Introduction
Recent advances in computer clusters have resulted in the introduction of higher density server equipment that consumes significant amounts of electrical power and produces an extraordinary amount of heat. Due to this latter attribute, which has alarming consequences with regard to thermal management, the installation of modern computer clusters will require well-planned solutions. Interestingly, it has been reported that the industry is rapidly approaching a critical crossroads where performance may need to be sacrificed if air conditioning strategies are pursued, which has been the case for the past ten years or so [1]. It was predicted that a recent and increasingly attractive alternative to mitigate this thermal management challenge will be the implementation of more effective liquid-cooling technologies, which consequently would allow a boost in computational performance, as expected in the fast-paced datacom industry [1].

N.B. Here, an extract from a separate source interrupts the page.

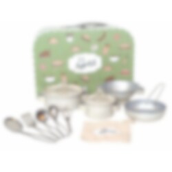Hier is alles wat de kleine kok mogelijk nodig heeft in de keuken. Met deze keukenset kan je kind zich lang vermaken. Een leuk speelset waar je het gereedschap ook kunt gebruiken om in echte potten te roeren. Laat je kind meehelpen om fantastische gerechten in de keuken te maken.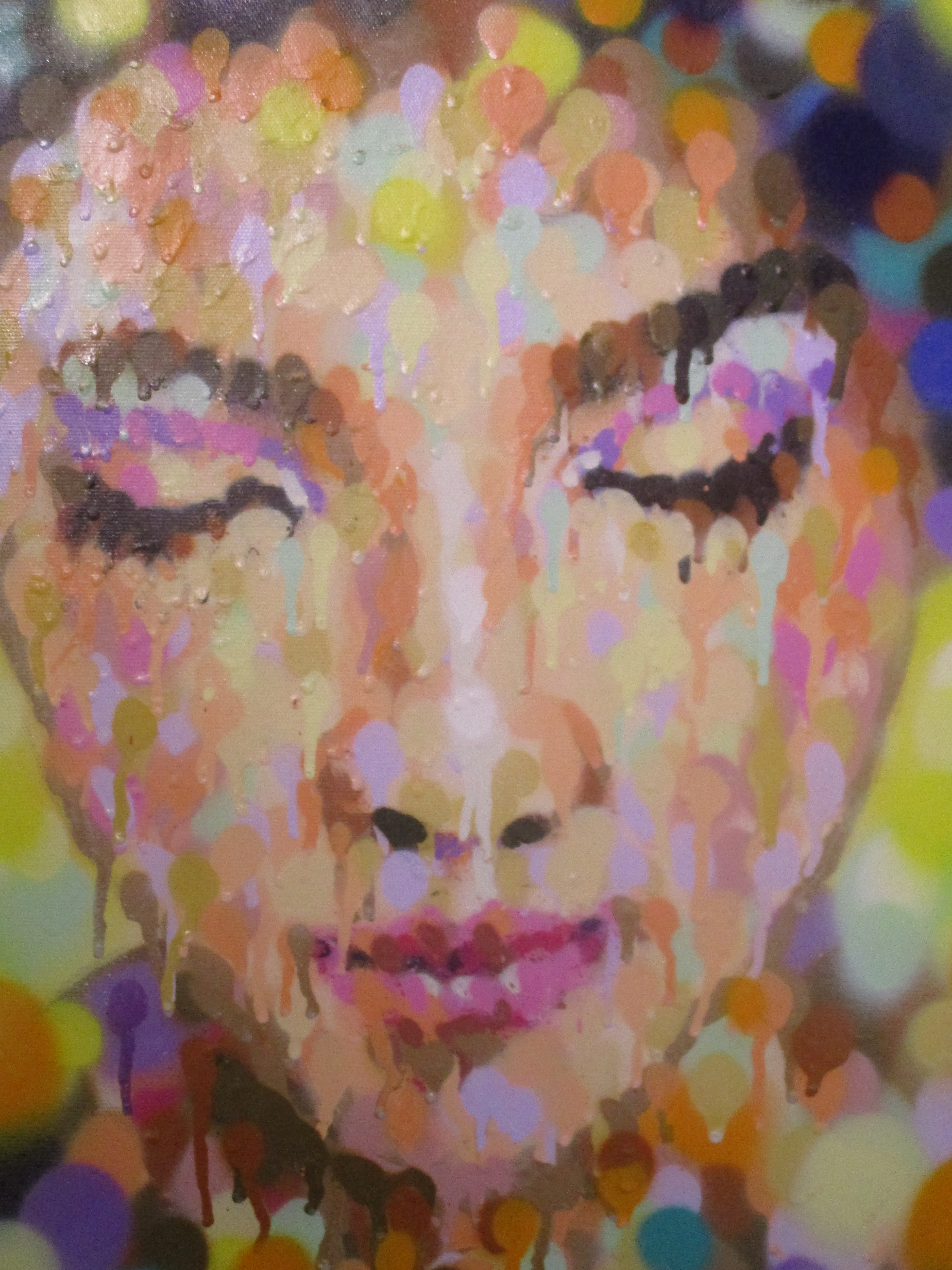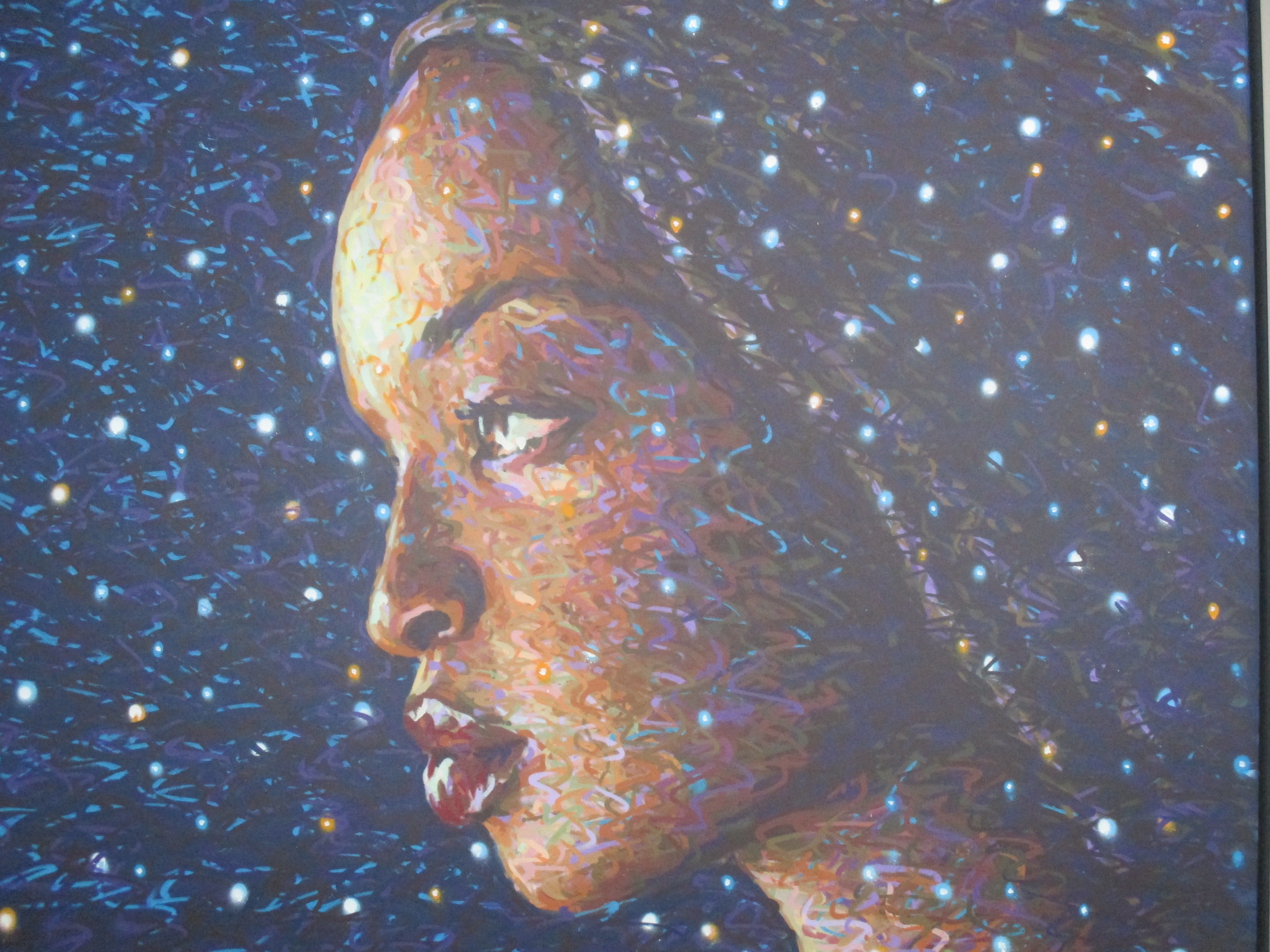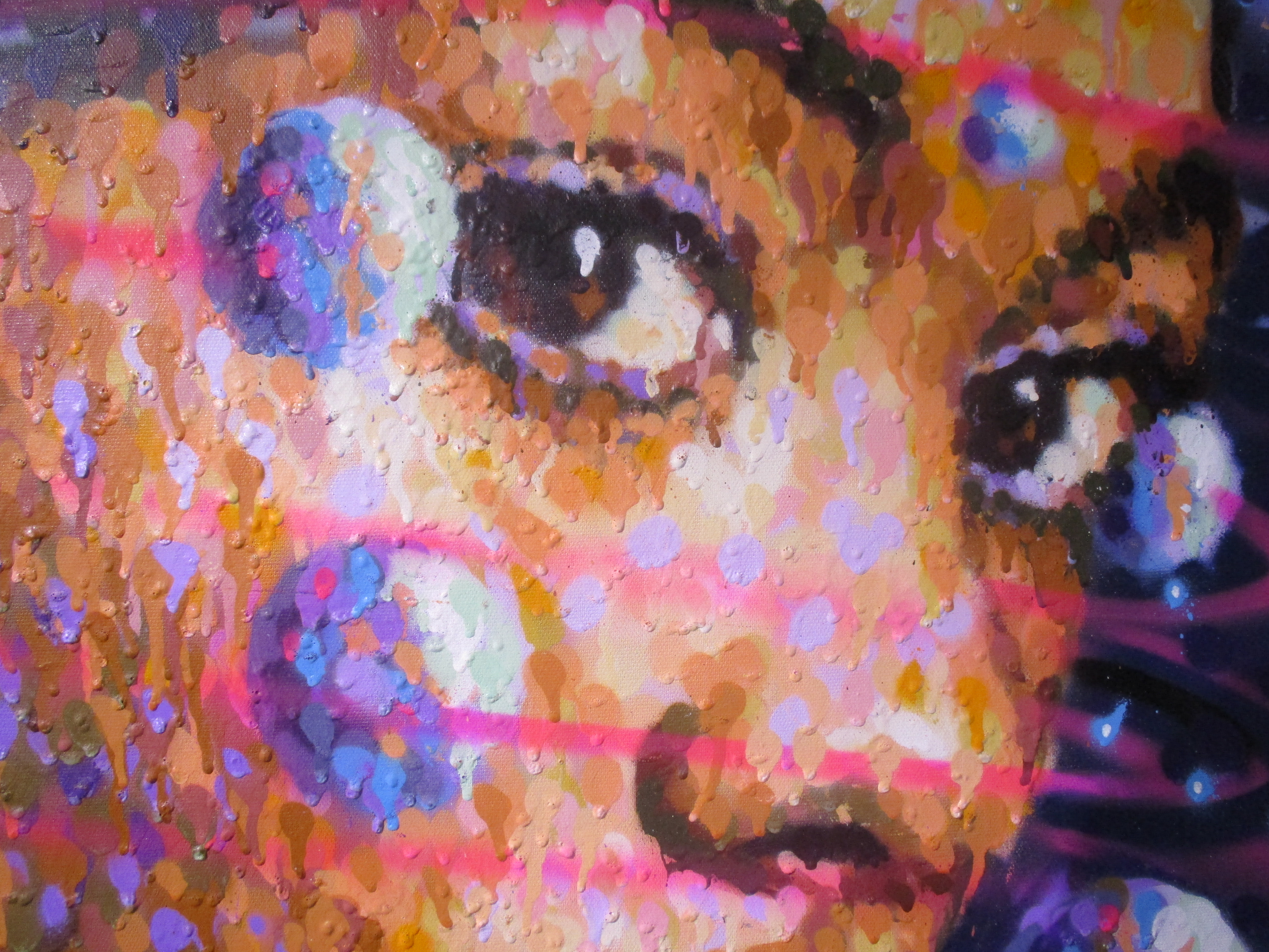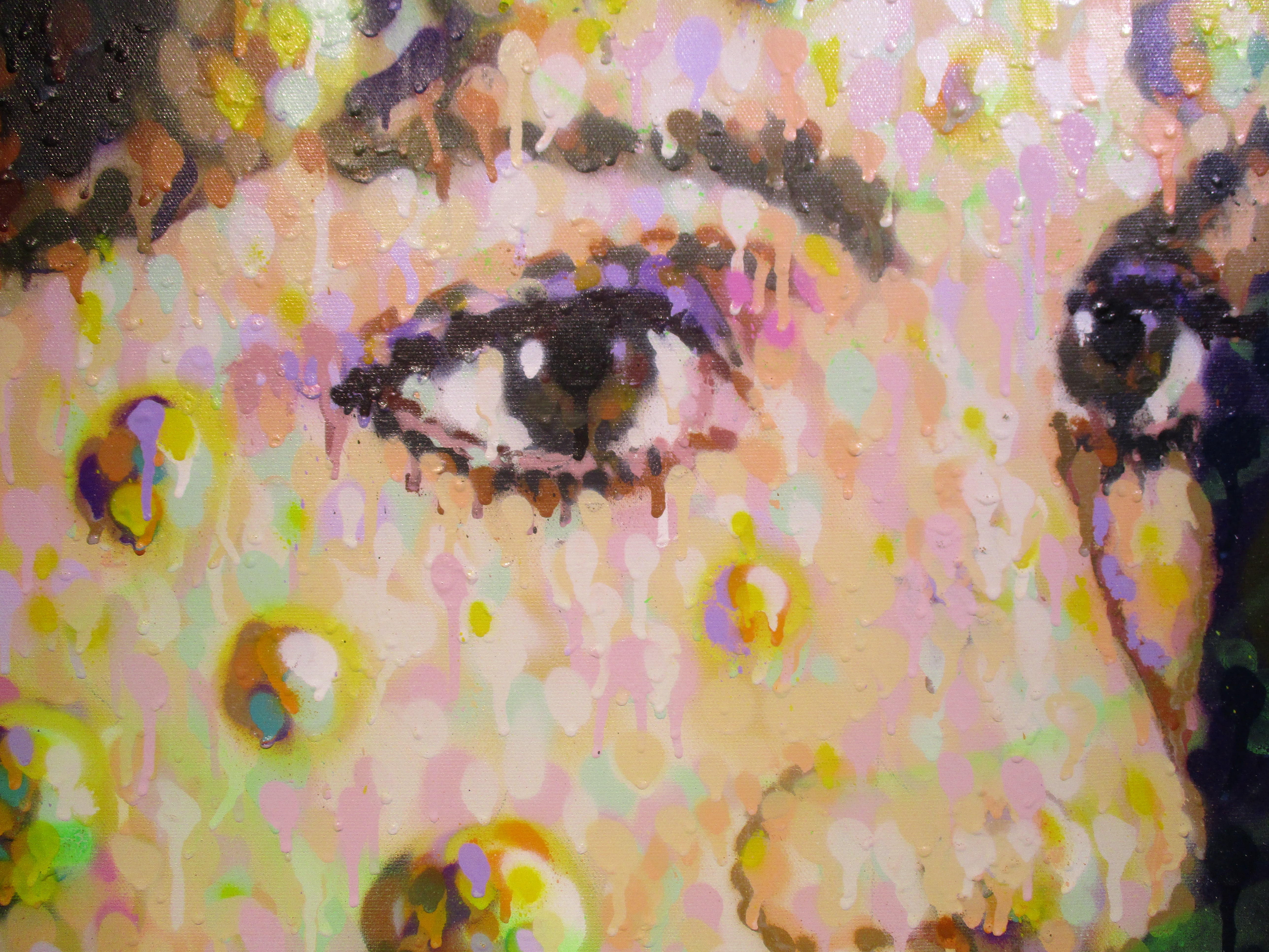 Jimmy C’s style is influenced by a combination of Pointillism and the aboriginal culture of his native Australia. He started painting on the street in the early 1990’s as a part of the then growing Australian underground graffiti movement and has since gone on to hone his distinct ‘Aerosol-Pointillism’ style. Whats interesting in this show is how all the pieces aren’t constructed entirely of his more notable and commonplace ‘dots’, several pieces are built up from a more ‘dash’ driven approach. It was also very interesting to see some sculpture work from the artist, with a piece that really adds a 3D perspective on Jimmy C’s view of the world so prevalent in his painting. Finally it was great to see the exhibition embrace modern technology, most notably in the section which offer’s visitors to the show to sit in a chair and be projected on to the adjacent wall as Jimmy C Pointillist painting, paying homage to the history of portraiture in society and offering a far more democratic approach driven by technological advancements, that in this instance allows the individual with a camera or phone to be able have their own portrait taken.

This article describes the installation of a liquid-cooled Linux computer cluster into an existing data center. Due to the strict requirement that the cluster must not perturb other equipment in the data center, special precautions were implemented to properly satisfy this and other environmental constraints. Furthermore, it was necessary to implement a strategy for thermal management that also encompassed future expansion of the cluster(s). As illustrated in Figure 1, the solution was to initially install 30 dual-processor, dual-core blades (120 processors) in a 19-inch EIA-rail rack with a water-cooled heat exchanger mounted to the rear of the rack. Once installed, most of the heat generated by the cluster was efficiently transferred from the air heated by the blades to water flowing through the rear-door heat exchanger. The self-contained, circulating water in this door was directly connected to a small, indoor water chiller, which exchanged the heat to circulating freon gas, which then expelled the heat to an outdoor condenser. This set-up and the implementation of precautionary measures, such as automatic shutdown procedures, are discussed in this article. Overall, the success demonstrated by this well-planned installation should serve as a general example for other data centers, particularly those involving small or medium size installations.
Figure 1. Installation schematic of a liquid-cooled, Linux computer cluster.
Determining Cluster Size, Estimating Heat to be Generated, and Planning for Expansions
Early in this installation, it was important to first define the scope of the project by determining how many and what type of processors would be included in the rack. The impact of this directly influenced the electrical requirements, the quantity of heat produced, and the thermal management strategy. Based on budgetary reasons, it was determined that the rack would initially have 30 dual-processor, dual-core blades, which contained a total of 120 processors.
However, it was also important to plan for the future addition of more blades, along with the resultant electrical and heat consequences. For example, it was estimated that the 30 blade servers, master, and switches would require up to 11.3 KVA of electricity and produce 9.6 KW (32,852 BTU/hr) of heat, and that a full rack of 84 blades would require up to 16.3 KVA of electricity and produce 13.9 KW (47,578 BTU/hr) of heat. Also important to these considerations was that the slower clock speed of the chosen chips produced significantly less heat than those that have higher clock speeds.
Water Cooled Rear-Door Heat Exchanger
Given the above parameters, it quickly became apparent that the conventional approach to expelling the heat produced by a full rack would require the addition of a much larger air conditioner within the data center. However, this would have required significant room modifications and the occupation of valuable and limited floor space. Thus, our thermal management plans were directed toward removing heat more efficiently via liquid cooling and not impacting existing air conditioning infrastructure. Fortunately, several liquid cooling options had very recently become available on the market.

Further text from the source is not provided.